A Survey of Open Peer-to-Peer Technologies and their Applicability to Implementing an Organizational Information Repository

Abstract

Most large organizations lack an effective means to manage internal documentation and other critical information on a large scale. Peer-to-peer technologies have many of the right characteristics to successfully manage such information in a distributed and automated manner. To this end, a general survey of nonproprietary peer-to-peer technologies is undertaken, from the standpoint of their suitability for implementing an Intranet-based information repository.


1.0 Background and Terminology

The term "peer-to-peer" has been used to describe a wide variety of disparate network architectures: networks that connect end users to each other (regardless of internal structure), server-to-server networks (to which end users connect as clients), and even centralized client-server applications disguised to look to users like a peer-to-peer system. In the following discussion, "peer-to-peer" is used in the network architecture sense, i.e. to indicate a distributed system in which data is exchanged between two or more equal, autonomous, general-purpose entities; as opposed to a client-server model, in which roles are rigidly fixed and specialized.

Considerable attention has been given of late to file sharing user applications such as Napster, Gnutella, and FreeNet. However, it is of interest to look more broadly at the available technologies, including examining both older and newer peer-to-peer protocols such as NNTP, SMTP, and BEEP; peer-to-peer frameworks such as JXTA and SOAP; and the adaptability of client-server protocols such as HTTP and FTP to peer-to-peer use. (Napster, on the other hand, is in reality a proprietary and centrally controlled client-server technology, even though it looks to end users like a peer-to-peer system, so it is not of interest here).

1.1 Scope and General Goals

Most corporations and other organizations have a problem managing their own internal information, despite a number of major technological advances. As early as the 1970s, information would sometimes be kept on-line on a large centralized computer, but typically this information was standalone, hard to update, and difficult to access or search.

Throughout the 1980s, internal information was distributed to smaller and smaller systems, making access and maintenance easier but making it very difficult for any one person to assess what information actually existed organization-wide. This second phase culminated in a variety of application-specific document formats, such as word processing documents and spreadsheets, placed on departmental file servers or occasionally in a repository available organization-wide. Different departments frequently used different formats, and specific applications were generally required to read these documents, let alone update them. More costly yet, references to other documents were (and still are) most often included by wholesale incorporation, resulting in a serious maintenance problem as the documents required updating. The lack of an effective inter-document reference system also resulted in substantial duplication of effort.

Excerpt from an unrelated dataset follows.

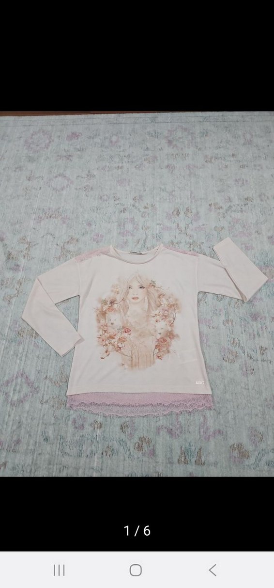 Pamuklu, uzun kollu, yuvarlak yakalı, bol kesim beyaz kız tişörtü, bohem desenli ve dantel detaylıdır.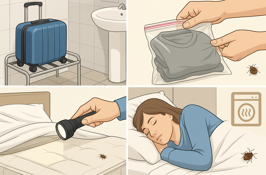 荷物は床やベッドのそばを避け、金属脚のバゲージラックやバスルームなど滑面の上に置くと接触機会を減らせます。

The coming of the Intranet web server made a more effective system possible by in the mid-1990s, but even today web-based information stores have not reached their potential. The creators of internal content generally do not think in terms of web pages, and even when they do the process for maintaining them over time is not often defined. And vast amounts of information remain in standalone word-processing documents on departmental file servers, unsearchable and updated by hand everywhere a piece of data resides.

1.2 Characteristics of a Modern Information Repository

How is a modern organization to more effectively store and manage its internal data? A client-server information repository application could work, and in fact a number of them are available commercially; but the client-server structure favors centralized resources and a circuitous route from information producers to information consumers. In contrast, peer-to-peer structures facilitate distributed systems with simple paths for information to take from producer to consumer.

It is well worth considering the characteristics that will be required of a peer-to-peer information repository:

  • A distributed architecture is important to permit information to be produced and managed "locally", at the department level or even below.

  • The information should be globally searchable. In a distributed architecture, this is most effectively accomplished by having a distributed search capability designed into the system.

  • Mechanisms will be needed to automatically age information -- that is, its timeliness needs to be considered in its life cycle, from creation to updates and eventually to obsolescence. Some types of information should gradually disappear from view as they become less relevant; others need to be persistent and to be updated aggressively as time passes.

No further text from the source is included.